所以我有一个包含多列的大型csv文件(500万行)。我特别感兴趣的是一个包含文本的列。
输入csv具有以下格式:
system_id,member_name,message,is_post
0157e407,member1011,“我的肺部多年来一直有问题。这一切都始于感染......”,虚假
1915d457,member1055,“看起来很多人服用扑热息痛治疗疼痛......”,虚假
列'消息'包含文字并且很有意思。
现在的任务是将此列的所有行连接成一个单独的大文本,然后在其上计算n-gram(n = 1,2,3,4,5)。
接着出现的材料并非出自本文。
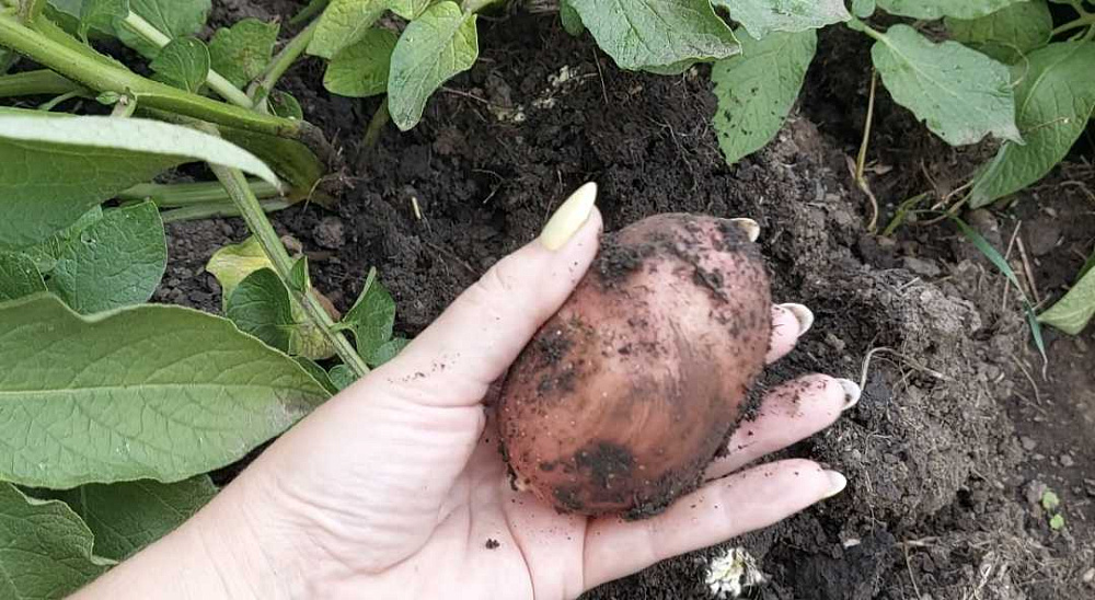 Мелкие клубни использовала как посадочный материал на следующий год. в одном кусте обычно 1-2 таких картошечки.

输出应该是5个不同的文件,对应于n-gram,格式如下: 例如:
bigram.csv
n-gram,count
“word1 word2”,7
“word1 word3”,11
trigram.csv
n-gram,count
“word1 word2 word3”,22
“word 1 word2 word4”,24
这是我到目前为止所尝试的内容:
from collections import OrderedDict
import csv
import re
import sys
import nltk
if __name__ == '__main__':
if len(sys.argv) < 2:
print "%d Arguments Given : Exiting..." % (len(sys.argv)-1)
print "Usage: python %s <inp_file_path>" % sys.argv[0]
exit(1)
ifpath = sys.argv[1]
with open(ifpath, 'r') as ifp:
reader = csv.DictReader(ifp)
all_msgs = []
fieldnames = reader.fieldnames
processed_rows = []
for row in reader:
msg = row['message']
res = {'message': msg}
txt = msg.decode('ascii', 'ignore')
# some preprocessing
txt = re.sub(r'[\.]{2,}', r". ", txt)
txt = re.sub(r'([\.,;!?])([A-Z])', r'\1 \2', txt)
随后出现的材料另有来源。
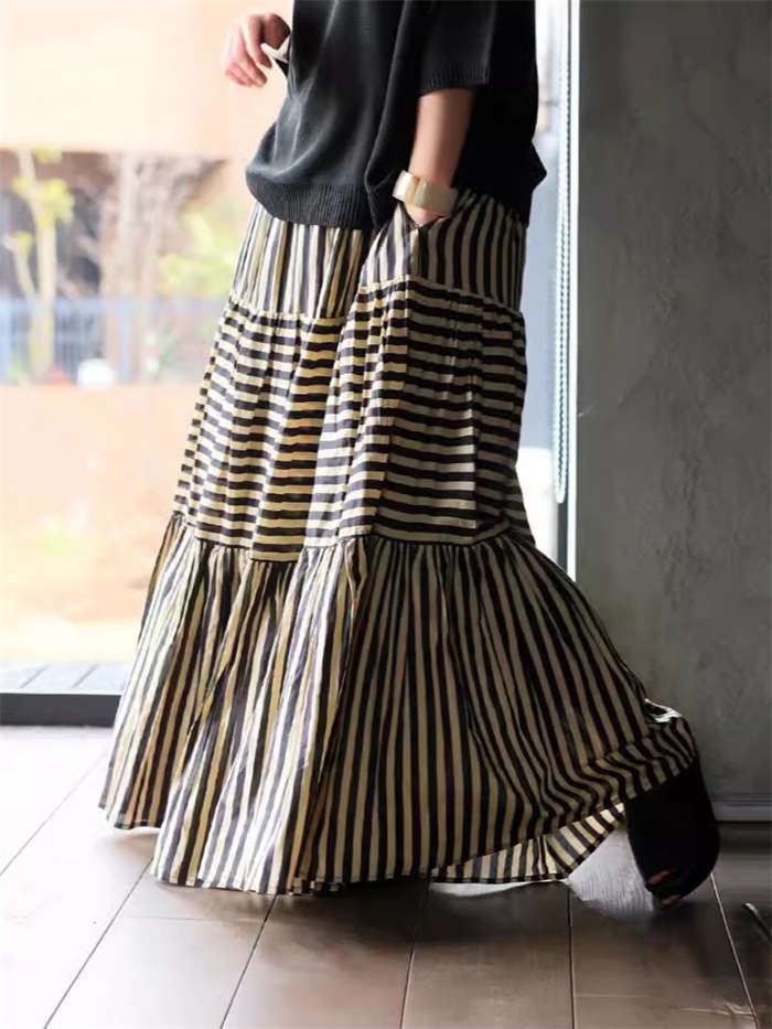 綺麗な黒ストライプがおしゃれなマキシ丈スカート★新品★大きいサイズ★ティアードがおしゃれな裏地つきスカート

sentences = nltk.tokenize.sent_tokenize(txt.strip())
all_msgs.append(' '.join(sentences))
text = ' '.join(all_msgs)
tokens = nltk.word_tokenize(text)
tokens = [token.lower() for token in tokens if len(token) > 1]
bi_tokens = list(nltk.bigrams(tokens))
tri_tokens = list(nltk.trigrams(tokens))
bigrms = []
for item in sorted(set(bi_tokens)):
bb = OrderedDict()
bb['bigrams'] = ' '.join(item)
bb['count'] = bi_tokens.count(item)
bigrms.append(bb)
trigrms = []
for item in sorted(set(tri_tokens)):
tt = OrderedDict()
tt['trigrams'] = ' '.join(item)
tt['count'] = tri_tokens.count(item)
trigrms.append(tt)
with open('bigrams.csv', 'w') as ofp2:
header = ['bigrams', 'count']
dict_writer = csv.DictWriter(ofp2, header)
dict_writer.writeheader()
dict_writer.writerows(bigrms)
with open('trigrams.csv', 'w') as ofp3:
header = ['trigrams', 'count']
dict_writer = csv.DictWriter(ofp3, header)
dict_writer.writeheader()
dict_writer.writerows(trigrms)
tokens = nltk.word_tokenize(text)
fourgrams = nltk.collocations.QuadgramCollocationFinder.from_words(tokens)
quadgrams = []
for fourgram, freq in fourgrams.ngram_fd.items():
dd = OrderedDict()
dd['quadgram'] = " ".join(fourgram)
dd['count'] = freq
quadgrams.append(dd)
with open('quadgram.csv', 'w') as ofp4:
header = ['quadgram', 'count']
dict_writer = csv.DictWriter(ofp4, header)
dict_writer.writeheader()
dict_writer.writerows(quadgrams)
这已经在4核机器上运行了2天。我怎样才能提高效率(或许使用熊猫和/或多处理)并尽可能合理地加快速度?
答案 0 :(得分:0)
我会做一些改变:
花了这么长时间?
所以我要做的第一件事是在不同步骤之间进行更清晰的分离,理想情况下可以重新启动中途
我会将其提取到另一种方法。从我读到的内容(例如here)pandas
读取csv文件比csv
快得多。如果读取csv只需要2天1分钟,这可能不是问题,但我会这样做:
def read_text(filename): # you could add **kwarg to pass on to the read_csv
df = pd.read_csv(filename) # add info on file encoding etc
message = df['message'].str.replace(r'[\.]{2,}', r". ") # http://pandas.pydata.org/pandas-docs/stable/generated/pandas.Series.str.replace.html
message = message.str.replace(r'([\.,;!?])([A-Z])', r'\1 \2')
messame = message.strip()
sentences = message.apply(nltk.tokenize.sent_tokenize)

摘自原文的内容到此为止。